The U.S. Department of Agriculture is weighing dramatic changes to the Supplemental Nutrition Assistance Program, also known as food stamps, the $73 billion social safety net that feeds 42 million Americans, according to a conservative group that met with senior officials there this week.
The USDA is considering proposals to let states impose new restrictions on purchases of soda and candy and require SNAP candidates to apply in person, according to the Secretaries Innovation Group (SIG), which represents state social service secretaries from 20 Republican administrations. The agency is also considering a proposal to allow states to reduce payments to some groups of people, including undocumented immigrants’ citizen children.
Members of SIG, including the group’s executive director, Jason Turner, met with Brandon Lipps, the USDA official in charge of the food stamp program, on Tuesday. During that meeting, Turner said, Lipps indicated that changes were coming to the program that would “line up closely” with a set of 14 specific policy proposals made earlier this year by SIG.
After the meeting, the USDA announced that it was planning new state “flexibilities” in the food stamp program. Through an existing waiver program, the agency can allow states to enact food stamp policies that differ from the program’s national guidelines. But in a Friday interview, Lipps declined to confirm or deny whether those flexibilities would mirror SIG’s proposals.
One USDA official with knowledge of the coming program changes, speaking on the condition of anonymity because the agency has not publicized any details yet, said the administration is considering proposals from SIG and other organizations.
“I think our goal right now is to serve the population that Congress intended us to serve,” Lipps said.
In the past, the USDA has rejected requests from states to take some of the actions SIG has suggested, particularly limiting the types of foods that people can buy with food stamps.
SNAP is America’s largest anti-hunger program, providing an average benefit of $125 per person each month to 42 million Americans. The majority of SNAP recipients are children or seniors, though participation rose sharply across all demographic groups during and after the recession, peaking in 2013 at 47.6 million.
The secretaries’ proposals would allow states to significantly change how they offer nutrition assistance. Through the use of the waivers, the USDA could unilaterally enact the proposals on a state-by-state basis without further congressional action, according to experts who reviewed the proposals at The Washington Post’s request.
One of the more controversial proposals involves a recommendation that the USDA ban “harmful” foods, such as soda and candy, from being purchased with food stamps. SIG also proposes that the program allow the purchase of only specific, “approved” foods, similar to what the Women, Infants and Children (WIC) program does.
“The Supplemental Nutrition Assistance Program is intended to subsidize nutrition for needy families,” reads SIG’s proposal, which was submitted to the USDA and Republican congressional leadership, and obtained by The Post. “However, too many recipients are utilizing their benefit to purchase items that are not only void of nutrition, they are damaging to their health.”
If adopted, those sorts of limitations would represent a major break from USDA precedent.
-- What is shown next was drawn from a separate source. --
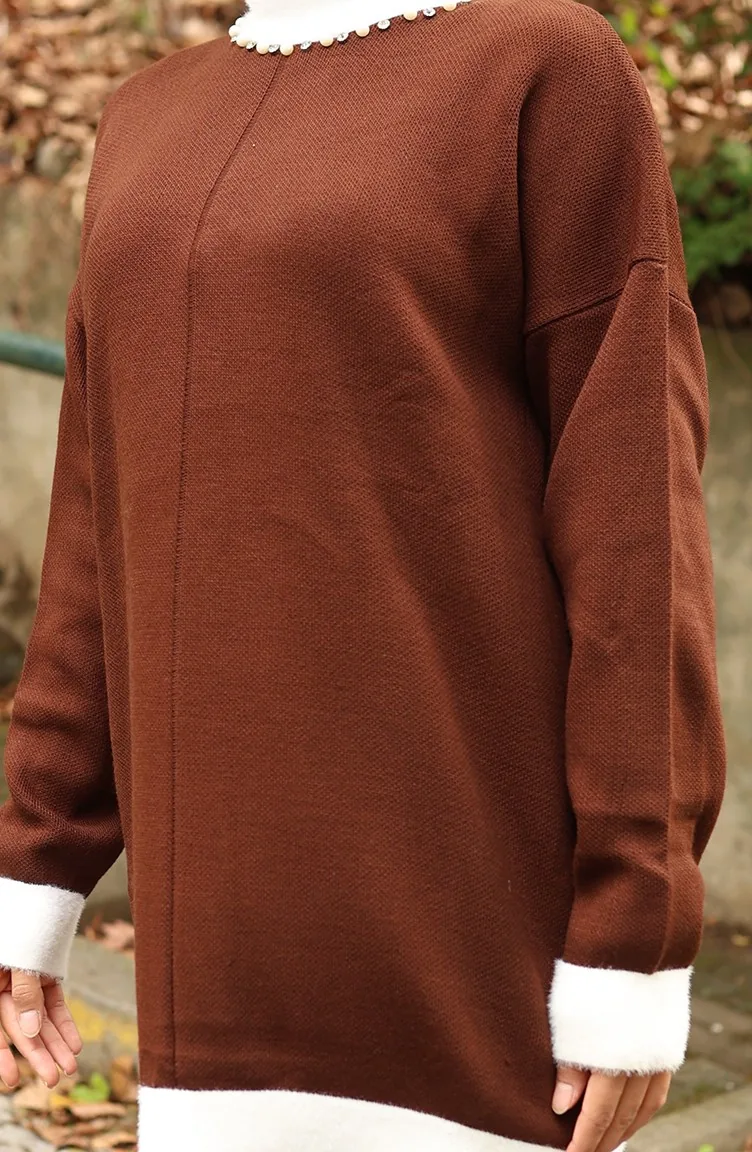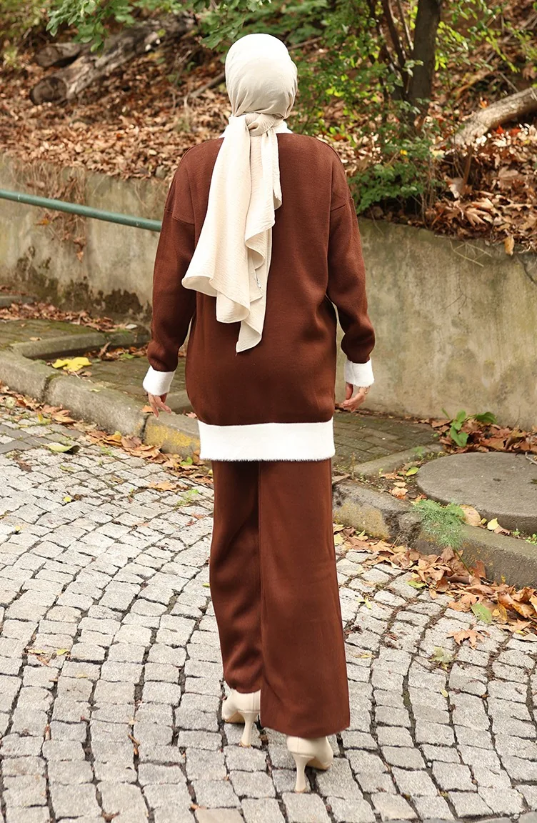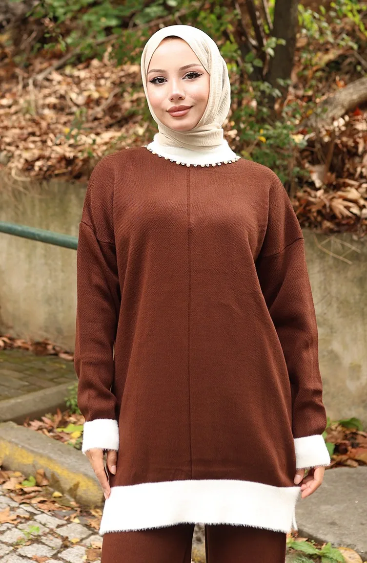 Knitwear Pearl Detailed Tunic Trousers Two Piece Suit 1011-07 Brown 1011-07
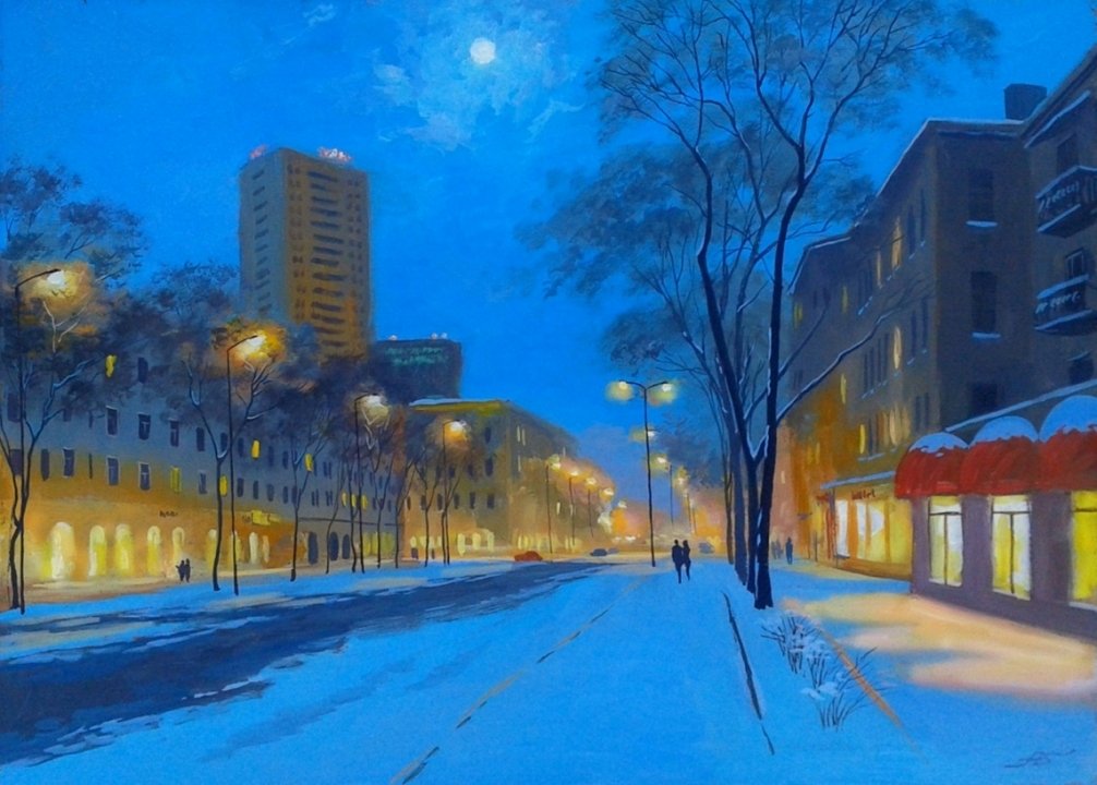 Зимний городской пейзаж – это магический и удивительно красивый вид, который заставляет нас восхищаться его неповторимостью. На картинах этого жанра художники передают атмосферу зимнего времени года с его снегопадами, инеем на деревьях и яркими огнями уличных фонарей. Они оживляют замерзшую природу, создавая чувство тишины и спокойствия. В таких работах можно увидеть типичные городские мотивы: улочки с красивой архитектурой, старинные здания, парки и скверы, а также людей, которые несмотря на холод, продолжают свою повседневную жизнь. Картины зимнего городского пейзажа вызывают умиротворение и великолепное настроение, а также позволяют нам окунуться в уникальный мир зимней красоты прямо из нашего дома или офиса.

Over the past decade, the agency has rejected requests from a number of localities – including Maine, Minnesota and New York City – that sought to impose similar limitations on their programs. Officials have historically cited a lack of solid evidence that soda and junk food bans change SNAP recipients’ diets.
Such bans are also anathema to anti-hunger advocates, who argue that food limits further stigmatize the poor, and to the grocery industry, which says such changes would necessitate costly overhauls of their point-of-sale systems.
Many of the group’s other proposals involve allegations of fraud, particularly around the resale of SNAP benefits. (The USDA has said this type of reselling is not a significant problem, affecting only 1 percent of total benefits.)
Historically, the USDA has allowed any member of a household to use the Electronic Benefit Transfer cards on which their food stamps are stored. The secretaries propose limiting the card to two people, to prevent unauthorized use.
They also recommend that applicants be required to apply for benefits in person, as opposed to online or over the phone, as is common, particularly in rural areas.
And the secretaries’ plan eliminates a provision that allows multiple families living in a single house to apply for food stamps separately, out of concern that some adults have abused the rule to access more benefits than they’re eligible for. But the provision could also slash benefits for low-income families in high-rent areas, who do genuinely share a house or apartment with other people.
Similarly, the secretaries propose a change to the SNAP benefits for citizen children of undocumented immigrants, suggesting that parents’ income be included in benefit calculations. Because children list no income otherwise, this would probably slash their benefits, experts said.
In his letter to policymakers in August, Turner explained that the proposed changes would refocus the program on the people most in need of it, a focus that he believes was lost under the past two administrations.
But experts on both sides of the political spectrum have questioned whether the proposals, if adopted, would have the effects state secretaries intend.
There is little empirical evidence to suggest that these specific proposals will reduce fraud or increase nutrition, said Vincent Smith, director of the agriculture studies program at the conservative American Enterprise Institute. At the same time, there is reason to believe that cracking down on those practices would increase the cost of the program.
“This is really a cost-benefit issue,” Smith said. “Every time you constrain the use of food stamps, you are imposing an increase in administrative costs. The question is whether that increase in negligible. And in this case, it’s probably not.”